Data supplied:

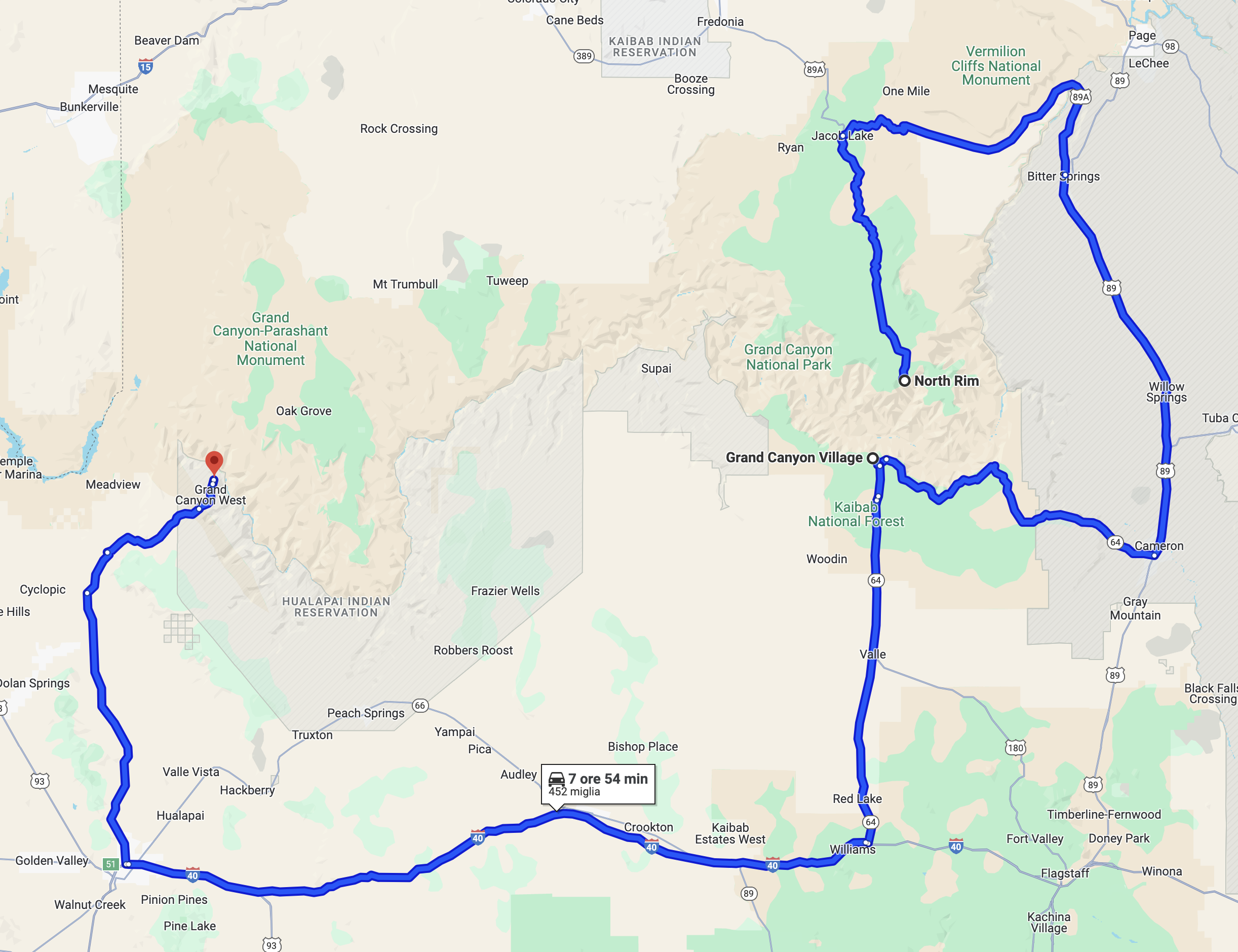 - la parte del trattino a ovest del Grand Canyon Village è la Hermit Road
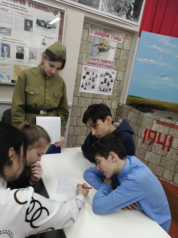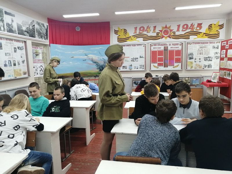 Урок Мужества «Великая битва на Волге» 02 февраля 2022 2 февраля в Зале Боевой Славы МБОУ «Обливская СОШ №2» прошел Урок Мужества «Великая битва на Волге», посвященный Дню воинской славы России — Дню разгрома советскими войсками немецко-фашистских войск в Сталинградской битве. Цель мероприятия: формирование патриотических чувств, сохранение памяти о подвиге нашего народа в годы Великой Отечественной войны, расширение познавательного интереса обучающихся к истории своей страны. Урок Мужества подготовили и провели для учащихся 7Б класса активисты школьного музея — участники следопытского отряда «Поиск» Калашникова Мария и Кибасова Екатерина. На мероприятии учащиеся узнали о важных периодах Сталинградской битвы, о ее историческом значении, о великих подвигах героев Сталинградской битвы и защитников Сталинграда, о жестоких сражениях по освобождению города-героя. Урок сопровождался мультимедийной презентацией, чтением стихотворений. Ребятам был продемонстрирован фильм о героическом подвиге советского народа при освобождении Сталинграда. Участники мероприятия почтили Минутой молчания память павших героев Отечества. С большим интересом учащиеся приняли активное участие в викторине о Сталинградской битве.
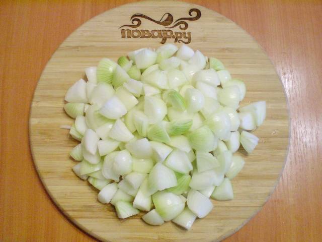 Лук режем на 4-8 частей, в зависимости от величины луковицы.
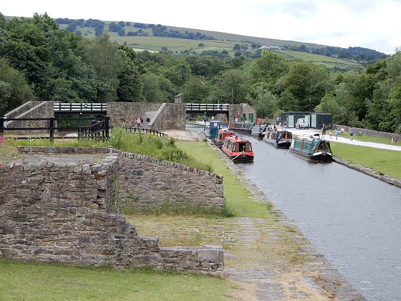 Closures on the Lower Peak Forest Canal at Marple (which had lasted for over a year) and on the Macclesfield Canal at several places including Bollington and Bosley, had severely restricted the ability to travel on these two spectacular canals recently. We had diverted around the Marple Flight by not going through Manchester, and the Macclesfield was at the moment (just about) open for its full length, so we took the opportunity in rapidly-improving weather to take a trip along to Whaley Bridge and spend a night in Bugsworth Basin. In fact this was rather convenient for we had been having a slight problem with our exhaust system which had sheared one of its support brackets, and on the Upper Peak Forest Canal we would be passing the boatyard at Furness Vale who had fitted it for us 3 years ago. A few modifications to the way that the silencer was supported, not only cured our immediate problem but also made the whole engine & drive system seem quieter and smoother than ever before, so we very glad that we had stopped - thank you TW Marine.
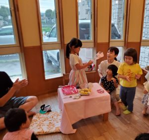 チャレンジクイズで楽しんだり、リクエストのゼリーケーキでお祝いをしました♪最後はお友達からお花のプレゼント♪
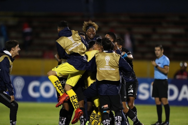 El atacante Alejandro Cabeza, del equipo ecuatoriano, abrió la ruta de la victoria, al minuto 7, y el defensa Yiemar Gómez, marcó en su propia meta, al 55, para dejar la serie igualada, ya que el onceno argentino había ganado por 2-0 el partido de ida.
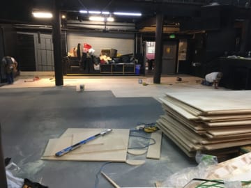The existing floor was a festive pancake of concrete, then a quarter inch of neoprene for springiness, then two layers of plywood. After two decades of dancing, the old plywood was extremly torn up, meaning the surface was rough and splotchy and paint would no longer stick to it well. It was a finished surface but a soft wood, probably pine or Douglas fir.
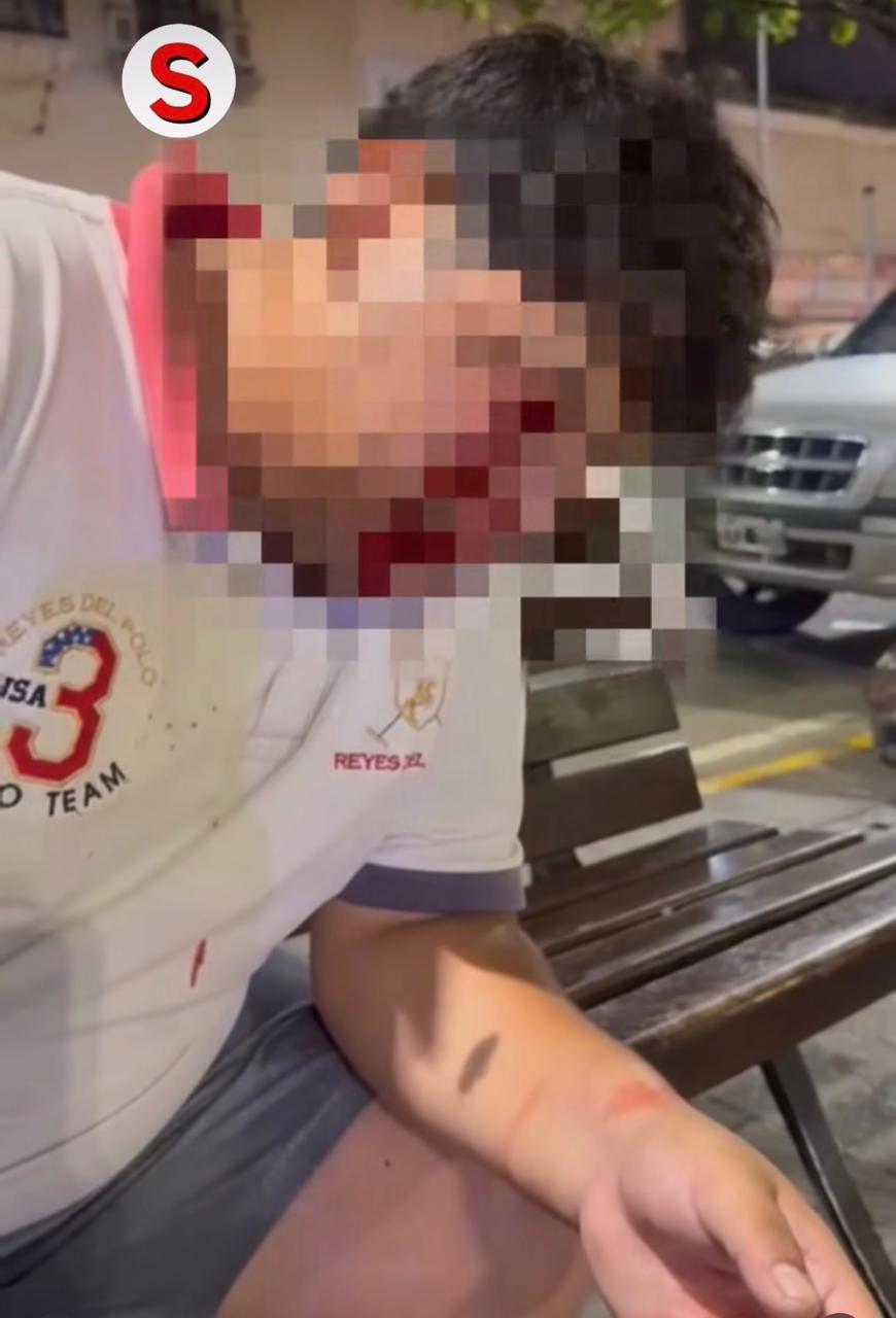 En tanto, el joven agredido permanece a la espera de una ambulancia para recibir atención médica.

* * *

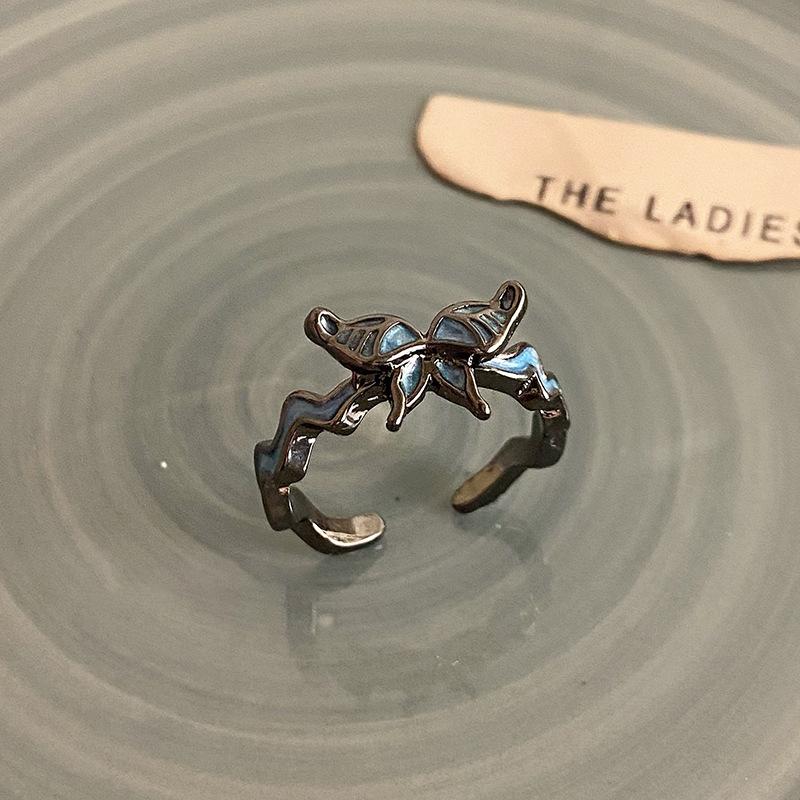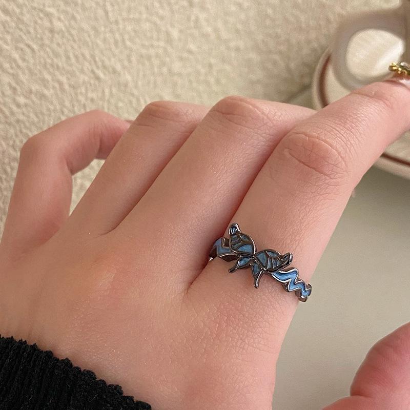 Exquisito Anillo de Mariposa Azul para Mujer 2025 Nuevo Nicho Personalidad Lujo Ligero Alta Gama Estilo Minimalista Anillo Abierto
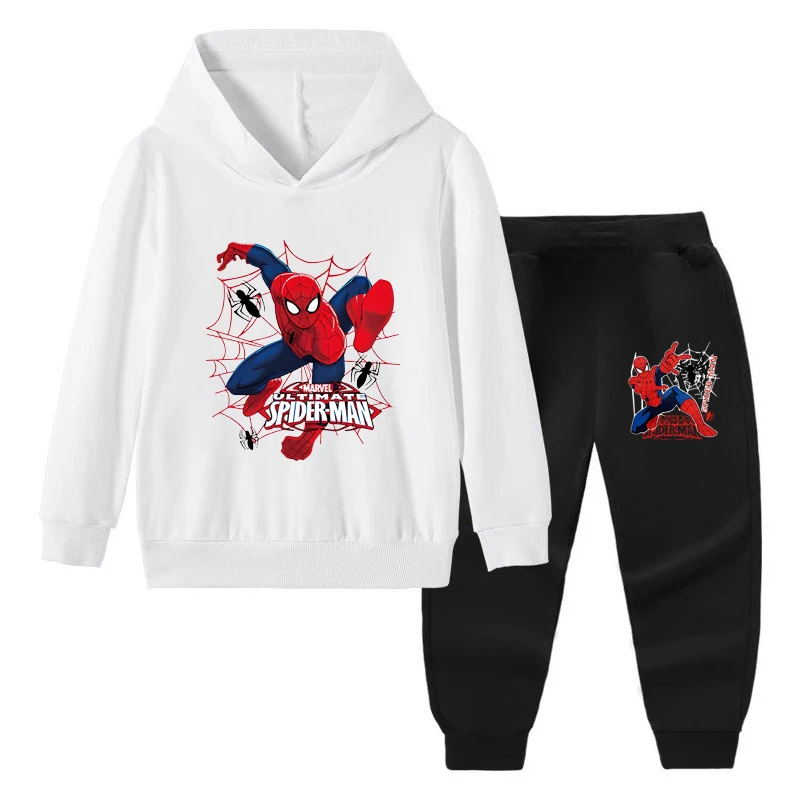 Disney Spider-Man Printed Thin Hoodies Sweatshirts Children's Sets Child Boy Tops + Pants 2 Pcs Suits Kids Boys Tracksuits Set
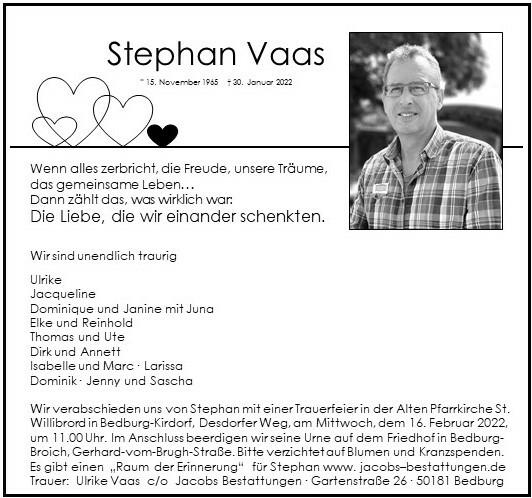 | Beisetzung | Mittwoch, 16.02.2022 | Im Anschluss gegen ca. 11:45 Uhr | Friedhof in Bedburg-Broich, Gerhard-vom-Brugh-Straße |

Task instructions:
How would the lines above read from the one with "The existing floor" to the one with "En tanto, el", inclusive, with no pictures? Write them out exactly.

Answer for this exercise:
The existing floor was a festive pancake of concrete, then a quarter inch of neoprene for springiness, then two layers of plywood. After two decades of dancing, the old plywood was extremly torn up, meaning the surface was rough and splotchy and paint would no longer stick to it well. It was a finished surface but a soft wood, probably pine or Douglas fir.
 En tanto, el joven agredido permanece a la espera de una ambulancia para recibir atención médica.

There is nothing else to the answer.